Только поздней, когда пробовал заказать доставку цветов ей в номер, узнал он, что её больше нет. Пришлось расклеиться, расплакаться и поделиться почти всею историей, прежде чем удалось вынудить помощника управляющего признаться, что Френези уехала в аэропорт и упоминала, что следующим же рейсом улетит обратно в Л.А.
— Вот блин, — сказал Зойд.
— Вы не собираетесь творить ничего, м-м, дикого, правда же?
— Это как?
— Гавайи — такое место, куда калифорнийские мужчины привозят свои разбитые сердца, взыскуя экзотических форм членовредительства, не столь непосредственно доступных на континенте. Некоторые специализируются по действующим вулканам, иные — по ныркам с утёсов, многие предпочитают вариант выплыть-в-открытое-море. Могу связать вас с несколькими турагентами, предлагающими путёвки «Суицидная фантазия», если вам интересно.
— Фантазия! — Зойд опять всхлипывал. — Чувак, кто тут говорил хоть что-нибудь о притворстве? Вы что, считаете, я это всё не всерьёз?
— Конечно-конечно, но прошу вас, только…
— Меня одно удерживает, — Зойд продолжительно сморкаясь, — недостойно валяться всему расплющенному у бассейна и в последние секунды на Земле слышать, как Джек Лорд говорит: «Оформляй его, Дэнно — Самоубийство первой».
Помощник управляющего, давно привыкший к таким беседам, дал Зойду ещё немного полопотать, после чего тактично оторвался. Вскоре налетел вечер и окутал острова. После краткой ненамеренной пивной дрёмы Зойд встал, надел белый костюм, позаимствованный у Скотта Хруста, поверх своей гавайской рубашки, подвернул брючины, оказавшиеся длинноватыми, не стал застёгивать пиджак, слишком тесный, а также длинный, отчего возникал эффект «шикарного лепня», нацепил очки от солнца и соломенную шляпу, купленную в аэропорту, и вдарил по улицам в поисках такого места, где можно посидеть за клавишным инструментом, предпочтительно с кем-нибудь знакомым.

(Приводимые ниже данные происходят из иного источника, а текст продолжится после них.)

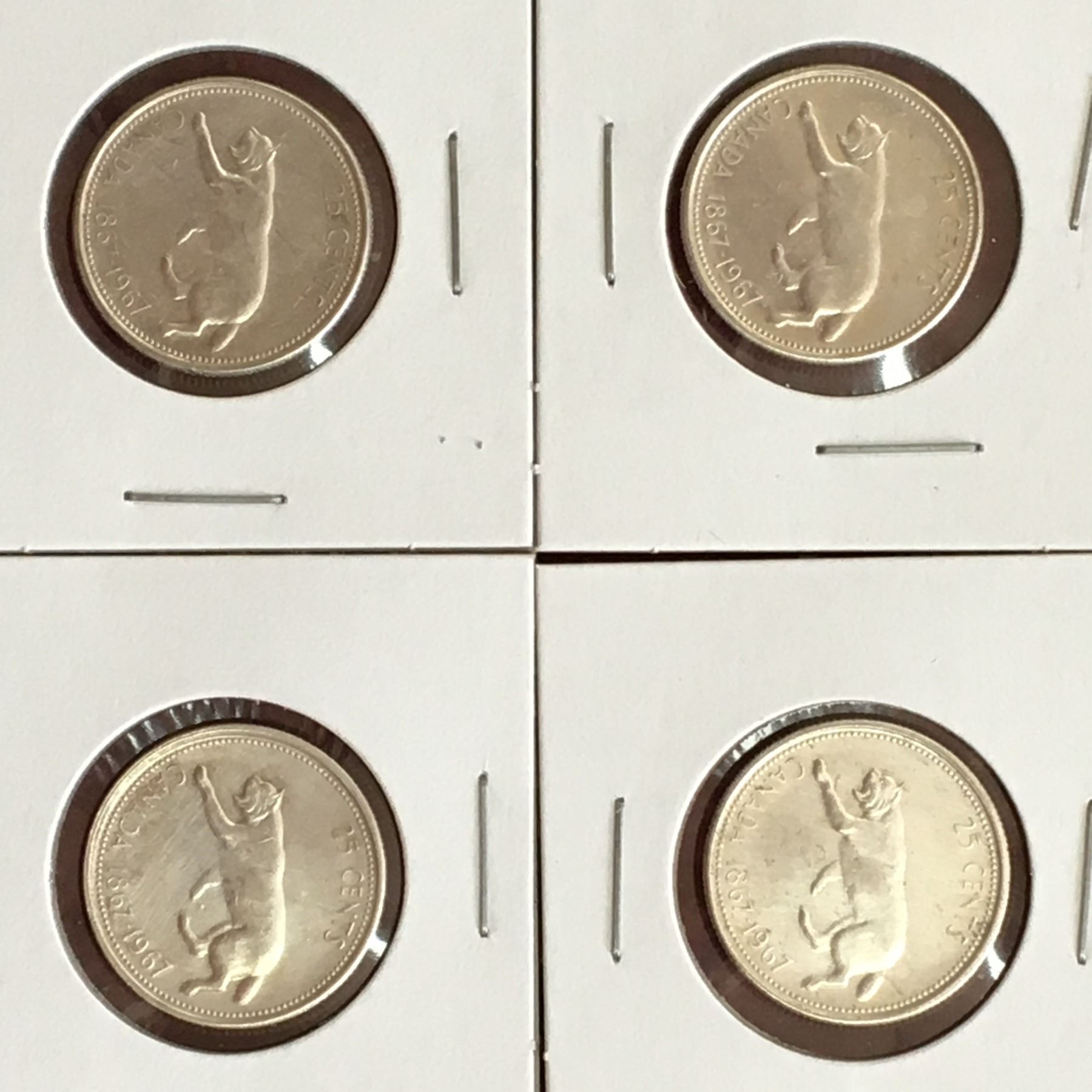 LOT OF 4 1967 CANADA 25 CENT COINS SILVER

А не направился он прямиком в аэропорт ввиду не столько даже неразборчивости мелкого шрифта у него на билете, особого экскурсионного предложения, о котором в авиакомпании, по их заверению, никто не слыхивал, сколько из странного радостного фатализма, кой часто, вместо слёз, как было известно, вроде нынешнего, им овладевал. Ну её нахуй, щебетал он самому себе, сегодня твой день освобождения, пусть она достаётся старине Бирку, пусть забирает её в тот мир юристов, где им всё сходит с рук, а достаётся чего душе угодно, и настанет день, когда гадёныш будет баллотироваться на какой-нибудь национальный пост, вместе в вечерних новостях они и будут, а ты сможешь чпокнуть пивом и потостоваться с экраном, и вспомнить тот последний раз на балконах, как она отвернулась, её плавная попа в крохотных цветастых трусиках от бикини, волосы вразлёт, окно сползает вниз, ни взгляда назад…
Он медленно отскакивал от одного гонолулуского бара к другому, позволяя себе доверять скрытым структурам ночи в городе, тому дару, что, он иногда считал, в нём есть — дрейфовать, если не к перекрёсткам высокой драмы и значимой удачи, так, по крайней мере, подальше, по большей части, от опасности. В какой-то миг он обнаружил себя снова в туалете «Космического ананаса», прискорбно тогда известного клуба кислотного рока, где совещался с басистом, с которым раньше работал, и тот рассказывал ему о вакансии салонного пианиста в «Авиалиниях Кахуна».
— Халтура смерти, — заверял его друг, — никто не знает, как они из бизнеса не вылетают, да это и не единственная загадка. — Носились неподтверждённые сообщения о происшествиях высоко над поверхностью планеты, о коих никто не говорил иначе как самыми осторожными эвфемизмами. Роль прибывших пассажиров не всегда совпадала с ролью отбывавших. Наверху, в зазоре между, что-то происходило.
Томас Пинчон – наряду с Сэлинджером, «великий американский затворник», один из крупнейших писателей мировой литературы XX, а теперь и XXI века, после первых же публикаций единодушно признанный классиком уровня Набокова, Джойса и Борхеса. Герои Пинчона традиционно одержимы темами вселенского заговора и социальной паранойи, поиском тайных пружин истории. В сборнике ранней прозы «неподражаемого рассказчика историй, происходящих из темного подполья нашего воображения» (Guardian) мы наблюдаем «гениальный талант на старте» (New Republic)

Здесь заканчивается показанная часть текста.